Across her career, Pollitt had more than 90 documented exhibition appearances. At her 1934 appearance at the Outlook Club the reviewer noted her range and versatility across oils, watercolours, and crayon. Penguins, which appeared at her solo show at Walker's Galleries in 1938, sold at the 1940 SSWA. She exhibited Air Warden, a wartime figure subject, at the 1941 SSA. Old Houses, Honfleur sold at the 1944–45 RGI winter exhibition, in a show that included works by Laura Knight, Joan Eardley, and William MacTaggart. Her Elgin Cathedral interior at the 1945 RSW was praised as 'a refreshing change'.

From 5 to 18 May 1938, Pollitt held a solo commercial exhibition titled Morocco, Germany, France & Scotland at Walker's Galleries, 118 New Bond Street, London. The exhibition's reviewer described her as "a constant exhibitor at the leading galleries".

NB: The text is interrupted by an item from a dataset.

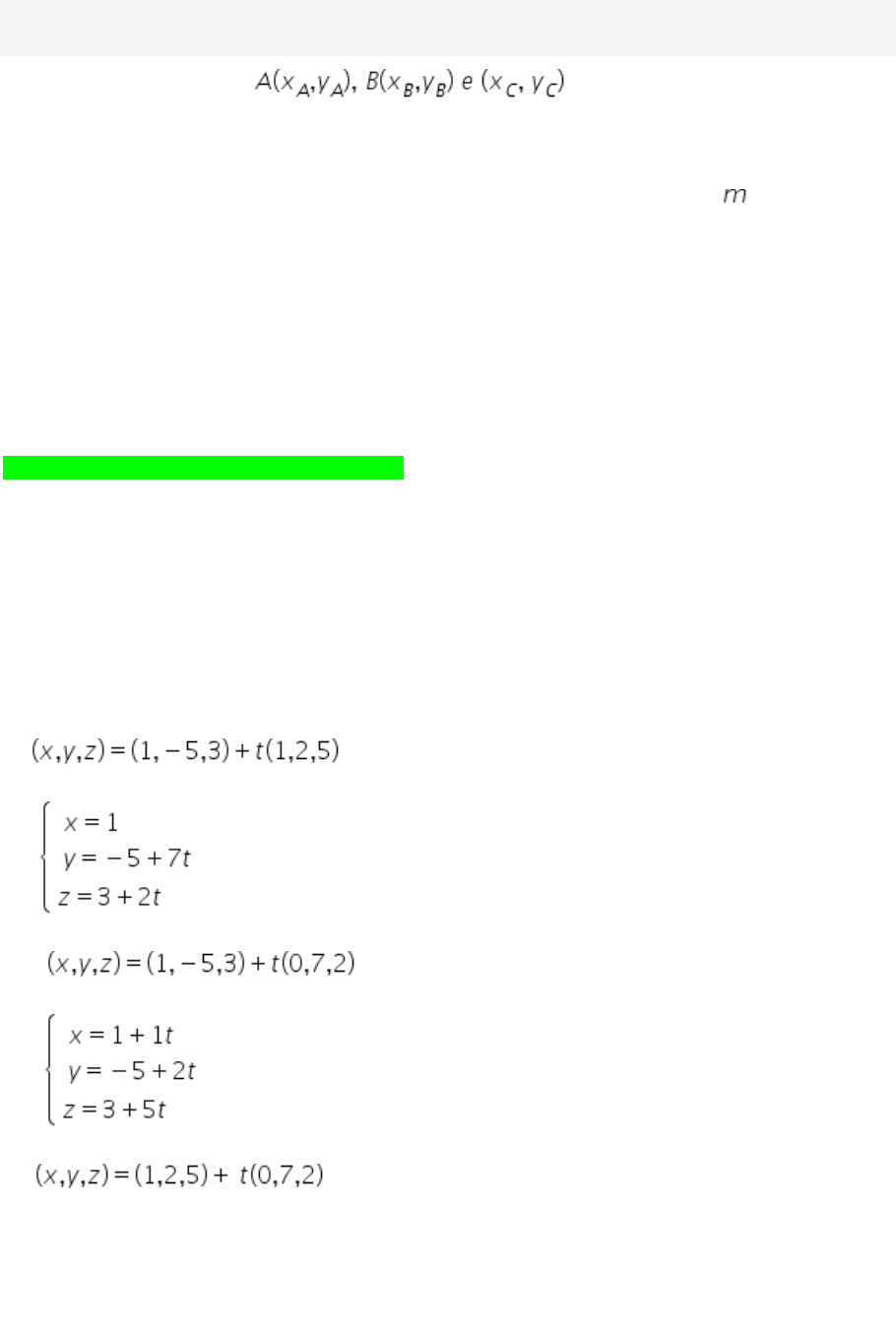 <p>Av1 - Geometria Analítica - UNOPAR</p><p>1) Três pontos podem estar alinhados,</p><p>ou seja, pertencendo à mesma reta. Em caso contrário,</p><p>esses três pontos são vértices de um triângulo. Desta</p><p>forma, determine quais são os valores para , de modo</p><p>que os pontos A (-3,7), B(m,m) e C (3,-2) sejam vértices</p><p>de um triângulo.</p><p>Agora, assinale a alternativa correta:</p><p>Alternativas:</p><p>a) m deve ser diferente de zero.</p><p>b) m deve ser positivo.</p><p>c) m deve ser diferente de um. Correta.</p><p>d) m deve ser negativo.</p><p>e) m deve ser um número racional.</p><p>2)Adutoras são tubulações que levam água de uma fonte até o reservatório, e há menos de</p><p>problemas geográficos sempre seguem em linha reta. Considere que uma adutora foi</p><p>colocada dentro de um rio no ponto (1,-5,3) e que ela atinja o reservatório em linha reta no</p><p>ponto (1,2,5) Quanto a representação do caminho percorrido, foram apresentadas algumas</p><p>equações:</p><p>I-</p><p>II -</p><p>III -</p><p>IV -</p><p>v -</p><p>É correto apenas o que se af irma em.</p><p>Alternativas:</p><p>a) I e IV</p><p>b) II e III Correta.</p><p>c)I</p><p>d)II</p><p>e) V</p><p>3) O ângulo entre duas retas é igual ao ângulo formado pelos vetores paralelos a estas retas.</p><p>Desta forma, o cosseno do ângulo é determinado através da expressão</p><p>. Assim, determine o valor de para que seja de o ângulo</p><p>entre os planos: e .</p><p>Agora. assinale a alternativa correta:</p><p>Alternativas:</p><p>a)2 e 5.</p><p>b)3 e 7.</p><p>c)1 e 7. Correta.</p><p>d)5 e 9.</p><p>e)3 e 5.</p><p>4) Determinar a equação geral do plano que passa pelos pontos e</p><p>e é paralelo ao vetor .</p><p>Agora, assinale a alternativa correta:</p><p>Alternativas:</p><p>a) 2x + 8y + 6z + 2 = 0</p><p>b) 2x + 8y +6z – 2 = 0 correta.</p><p>c) -2x + 8y + 6z + 2 = 0</p><p>d) 2x + 8y – 6z – 2 = 0</p><p>e) -2x + 8y + 6z – 2 = 0</p><p>5) Segundo a Geometria Analítica, dois planos podem se cruzar em uma reta desde que o</p><p>produto escalar entre respectivos vetores normais seja não-nulo. Sejam os planos</p><p>, e , sabendo que as normais podem ser</p><p>escritas como , e , podemos af irmar que:</p><p>I) Os planos e são paralelos.</p><p>II) Os planos e são ortogonais.</p><p>III) Os três planos se encontram no ponto P (3,-5,4).</p><p>É correto apenas o que se af irma em:</p><p>Alternativas:</p><p>a) I.</p><p>b) II.</p><p>c) I e III.</p><p>d) II e III. correta</p><p>e) I, II e III.</p>

Other venues where Pollitt exhibited include the Edinburgh Outlook Club, where she was a regular exhibitor between 1932 and 1949, the Aberdeen Artists' Society, Paisley Art Institute, the Society of Women Artists, London, and a group exhibition with the Raeburn Studio Painters.

==Critical reception==
The 1926 Revue moderne des arts et de la vie described her as une paysagiste vivement sensible (a keenly sensitive landscape painter) with a wide vision, a true sense of colour, and a rare delicacy of nuance; her Venice watercolours were praised as full of depth and relief. In 1963, the Scottish poet and critic Sydney Goodsir Smith, reviewing the posthumous exhibition in The Scotsman, described Pollitt as painting "in the old-fashioned, traditional water-colour style of the last century", a characterisation he offered "simply descriptively and not at all disparagingly".

==Later life==
Pollitt's last known documented exhibition appearance was at the Royal Glasgow Institute Annual Exhibition in 1955.

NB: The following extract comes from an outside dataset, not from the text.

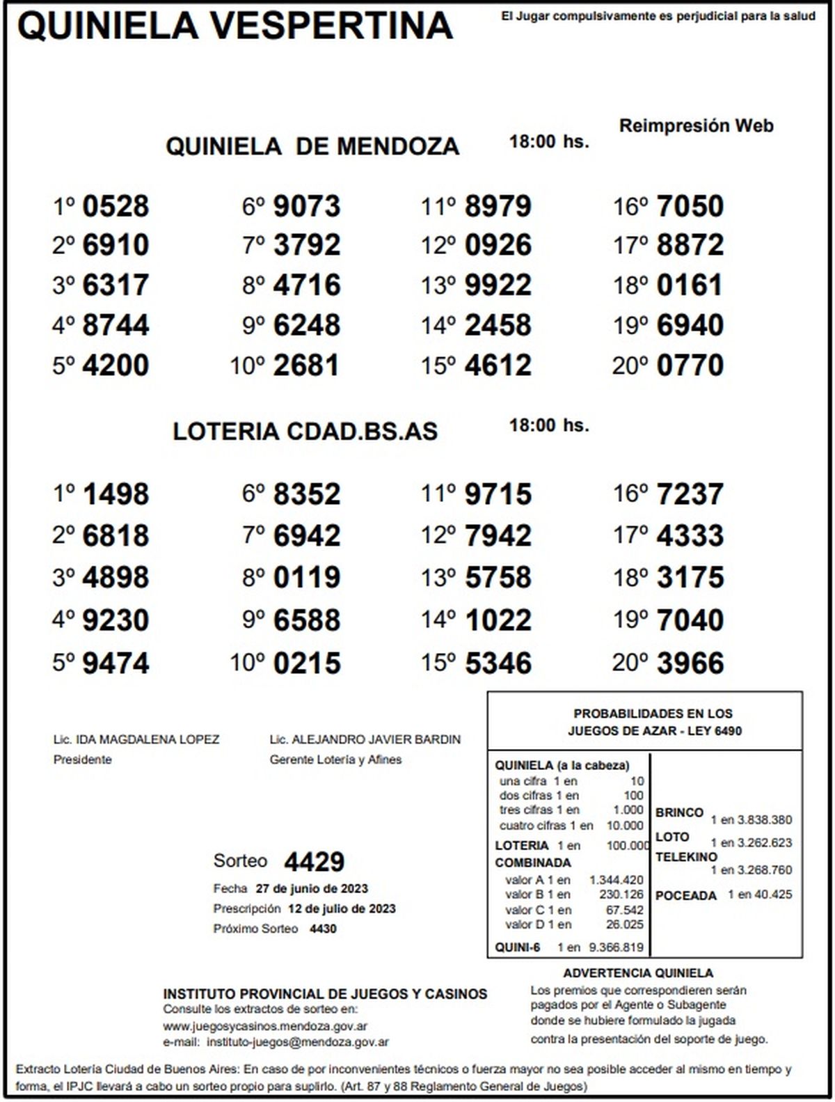 Quiniela de Mendoza: resultados de la Vespertina de hoy, 27 de junio

A death register entry for Mary Ellen Pollitt, aged 89, records her death on 6 November 1962 at Currie, Midlothian.

==Posthumous exhibition==
A posthumous exhibition of 27 watercolours, described as "mostly landscape", was held at the Gateway Theatre Gallery, Edinburgh, opening in early February and running to 26 February 1963. Works were already selling by the time of Sydney Goodsir Smith's review in The Scotsman on 7 February.

==Sources==
- Baile de Laperrière, Charles (ed.). The Royal Scottish Academy Exhibitors 1826–1990. Calne: Hilmarton Manor Press, 1991. 4 vols.
- De Sabbata, Massimo. Art Exhibitions in Milan in the 1920s: From the Origins of the Twentieth Century to the First Trade Union Exhibitions (1920–1929). Turin/London/Venice/New York: Allemandi, 2013. ISBN 9788842221869.
- McEwan, Peter J. M. Dictionary of Scottish Art and Architecture. Woodbridge: Antique Collectors' Club, 1994. (Available at Internet Archive.)
- Walker's Monthly, May 1938: "Morocco and Elsewhere". National Art Library, Victoria and Albert Museum, London.